During one stretch from Vernon, N.J., to Great Barrington, Mass., they went eight days without a shower.
“I was almost ready to go home. I couldn't imagine being gross any longer,” she said.
Teesdale, 28, said the trip was inspired by his reading of the popular 1998 book, “A Walk in the Woods: Rediscovering America on the Appalachian Trail,” by travel writer Bill Bryson. They both quit jobs as restaurant cooks to clear their schedules for what they thought would be a grand opportunity to appreciate nature.
While they did behold many spectacular vistas, “most of the time you are just looking down for a place to put your feet,” Oglesby said.
“Most of the trail is not developed at all. Basically, it is a scenic, single-file footpath, like a deer path in the woods,” Teesdale said.
Hiking it entails considerable climbing and treacherous footing, he said.
“You knew if you climbed from 2,000 to 4,000 feet it was going to hurt,” Oglesby said.
The worst footing was in New England, where the trail often consisted of long, steep stretches of jagged, slippery rock.
Their packs weighed between 25 and 30 pounds and included a tent, sleeping bags and pads, a one-burner stove, clothing, food, water and their guide book, which told them distances between the primitive shelters in which they spent most of their nights.
Occasionally they paid to sleep in a hostel, where they could get a good meal and a shower and sleep on a bed with an actual pillow, rather than the clothes bags that cushioned their heads on the trail.
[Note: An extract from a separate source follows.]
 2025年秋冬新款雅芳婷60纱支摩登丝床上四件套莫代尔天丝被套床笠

For four days, they engaged in the practice of “slacking,” in which their packs were transported for them. They also took about 10 “zero days,” in which they just stayed put. The average for thru hikers - people going all the way - is 18 zero days, they said.
While Teesdale lost 40 pounds on the hike, Oglesby said she became more muscular but not much lighter.
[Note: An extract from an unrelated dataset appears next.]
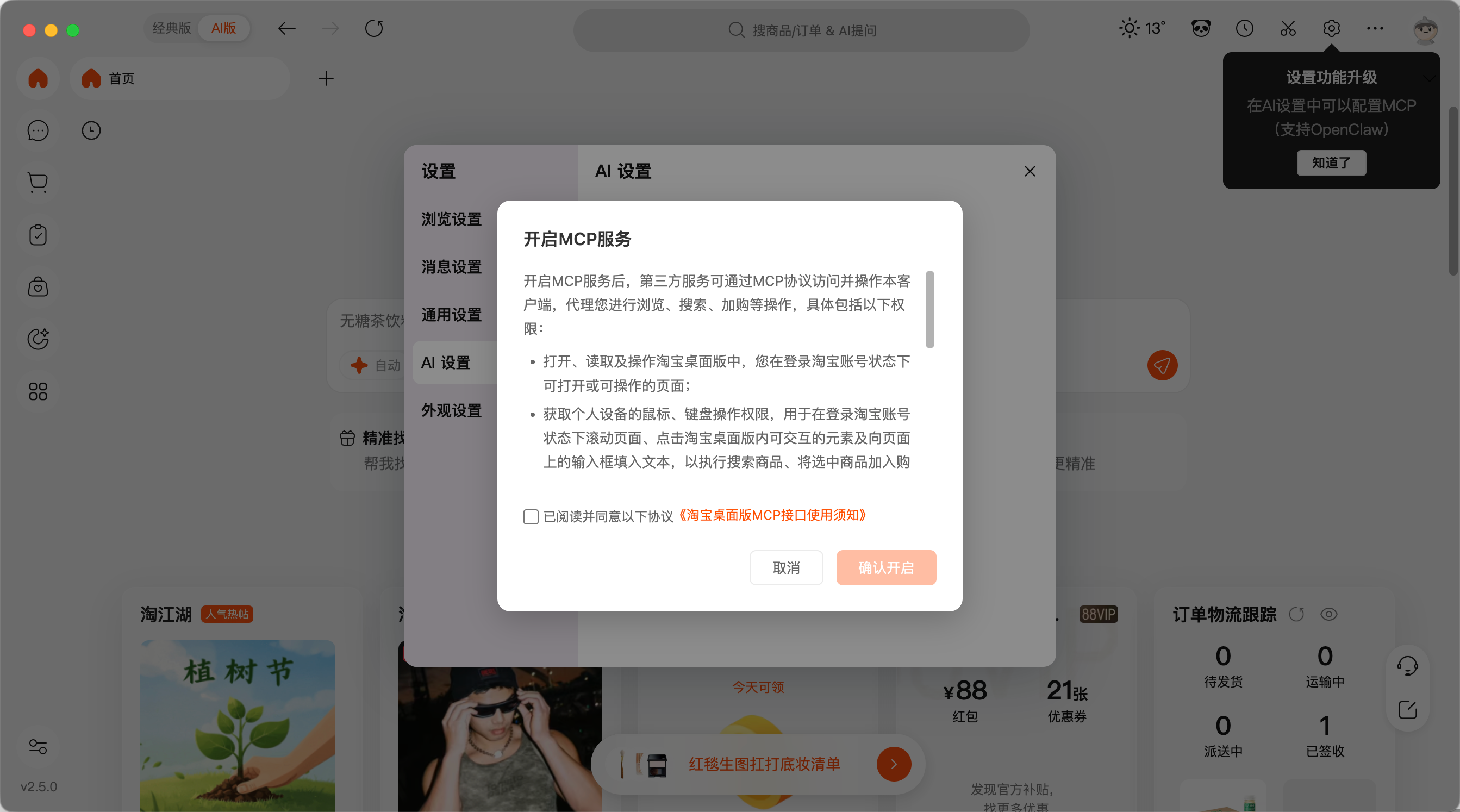 配图:淘宝 PC 版支持配置 MCP 操作客户端。

The hikers said they frequently encountered “trail magic” - acts of kindness and gifts of food and drink, often left anonymously.
More than 3 million people visit the trail each year, but only about 600 “thru hikers” completed the entire trail last year. Fewer than 25 percent of thru hike attempts are successful.
“We were more than ready to be done hiking, but it was a good feeling to know we'd made it that far,” Oglesby said.
Meghan Oglesby and Jake Teesdale pause May 6 on the Appalachian Trail near Glasgow, Va. The Iowa City couple hiked the 2,181-mile length of the trail starting March 9 and ending Aug. 1.